Ian Robert Cathie (24 October 1932 – 25 October 2017) was an Australian politician.

Born in Melbourne, to printer George Mitchell Cathie and Sybil Balding, he attended state schools, Wesley College, then the University of Melbourne, where he studied teaching. On 5 January 1957, he married Christine Watson, with whom he had four children; he married again on 3 July 1976 Jean Germain, an industrial nurse. He was president of the Peninsula Victorian Teachers Union in 1959 and taught at Frankston and Mordialloc-Chelsea High Schools, as well as serving on the council of Monash University from 1977 to 1982.

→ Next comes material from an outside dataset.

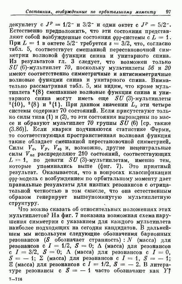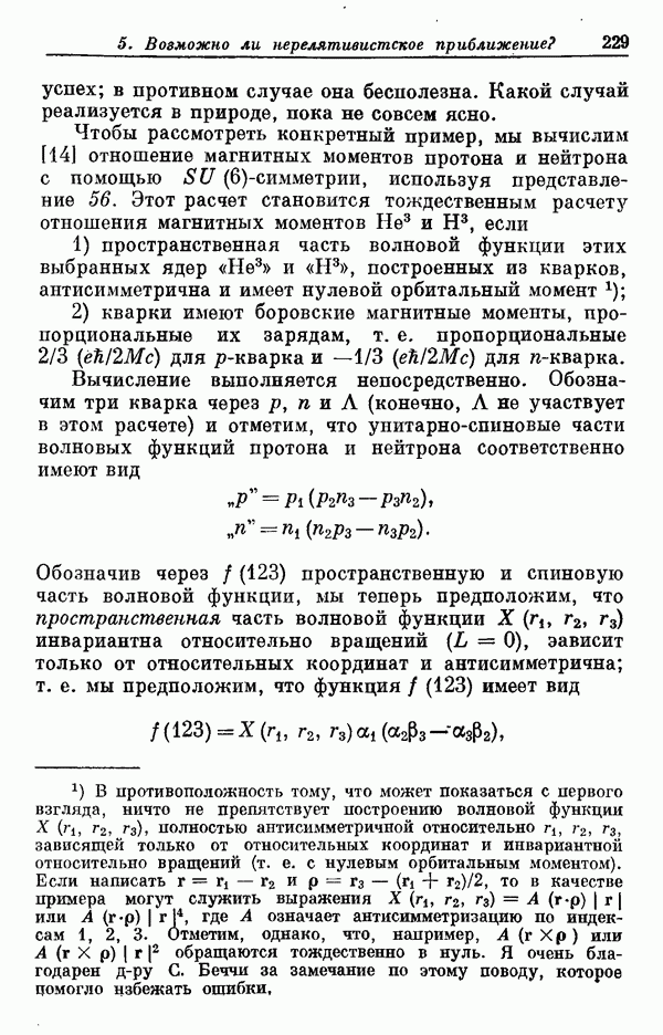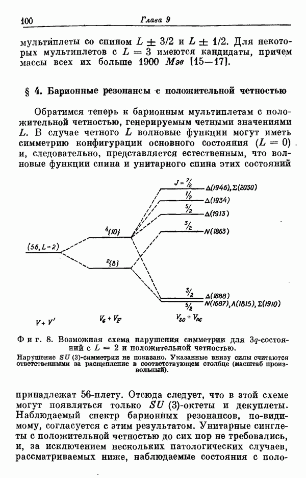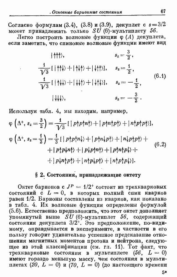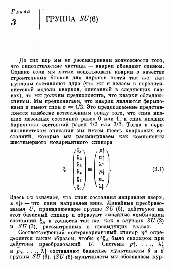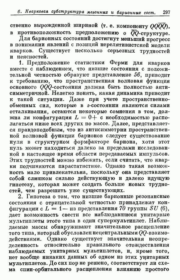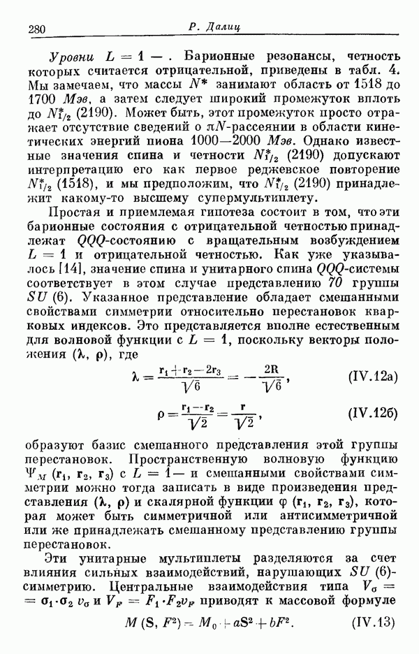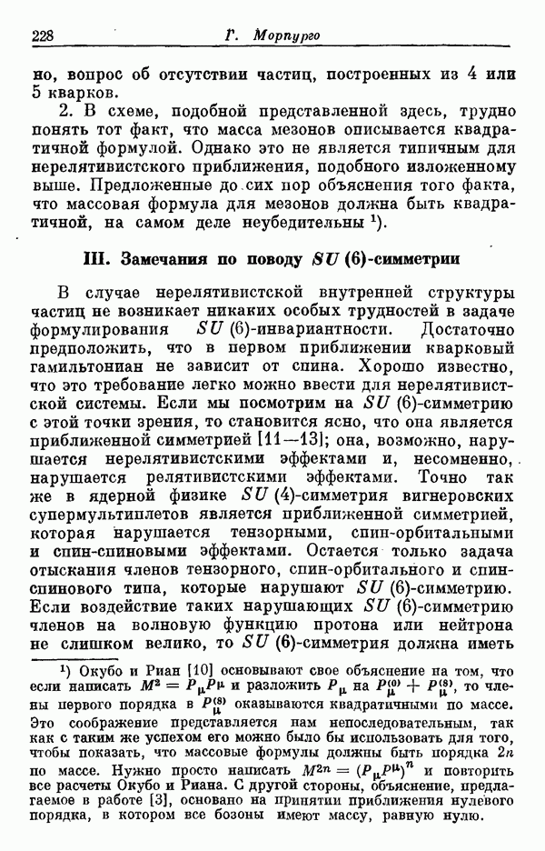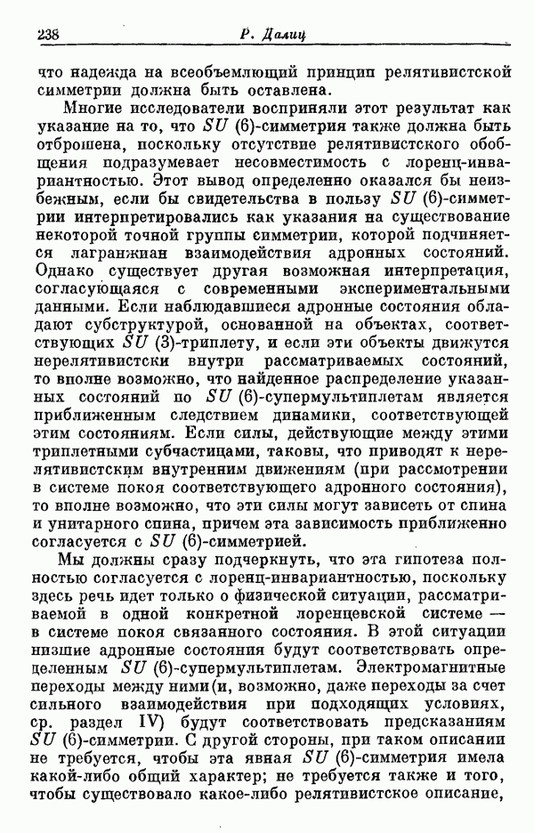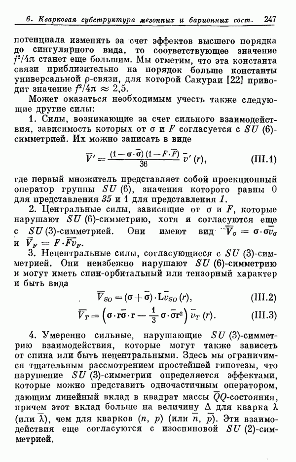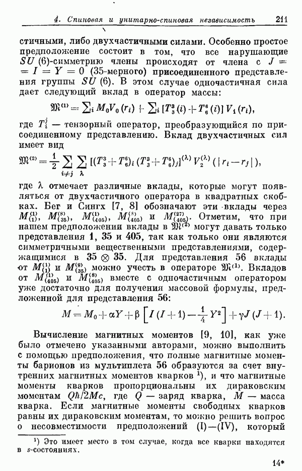 Мы должны сразу подчеркнуть, что эта гипотеза полностью согласуется с лоренц-инвариантностью, поскольку здесь речь идет только о физической ситуации, рассматриваемой в одной конкретной лоренцевской системе — в системе покоя связанного состояния. В этой ситуации низшие адронные состояния будут соответствовать определенным -супермультиплетам. Электромагнитные переходы между ними (и, возможно, даже переходы за счет сильного взаимодействия при подходящих условиях, раздел IV) будут соответствовать предсказаниям -симметрии. С другой стороны, при таком описании не требуется, чтобы эта явная -симметрия имела какой-либо общий характер; не требуется также и того, чтобы существовало какое-либо релятивистское описание,
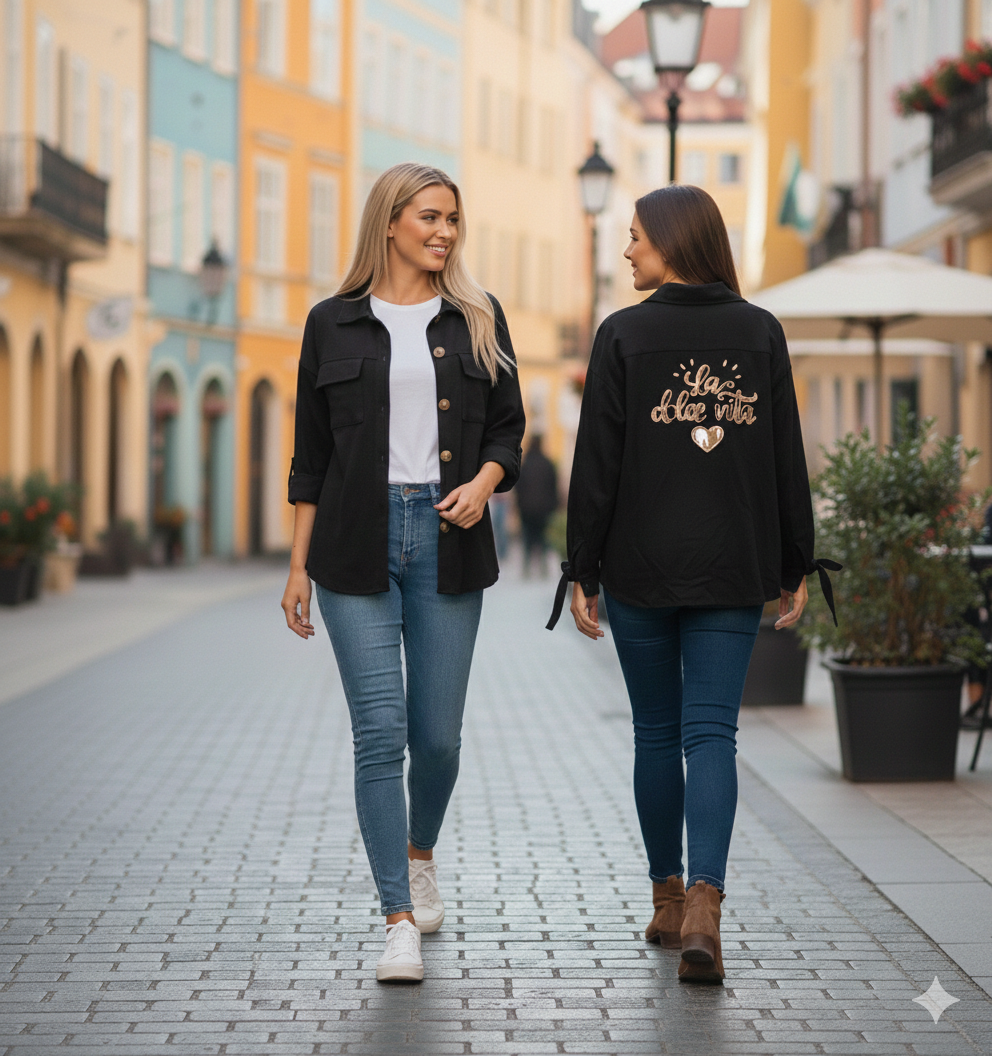 Optez pour un style tendance et confortable avec cette veste femme à boutons en 100% coton. Sa coupe décontractée, ses poches pratiques et son inscription élégante “La Dolce Vita” dans le dos en font une pièce originale et indispensable à votre garde-robe.

In 1964, he was elected to the Victorian Legislative Council as a Labor member for South Eastern Province; he was defeated in 1970, but in 1976, was elected to the Legislative Assembly seat of Carrum, which he held until 1988. Ministerial appointments under the John Cain (Jnr) government include:
- Minister for Housing 1982–85
- Minister for Economic Development Dec 1982 – Nov 1983
- Minister for Industry, Commerce and Technology 1983–85
- Minister for Education 1985–87
- Minister for the Arts and Minister Assisting the Minister for Education Dec 1987 – Oct 1988

From 1994 to 1997, he was a Commissioner of the City of Greater Dandenong. In 2010 he was elected President of Glen Eira University of the Third Age (U3A). He died on 25 October 2017 at the age of 85.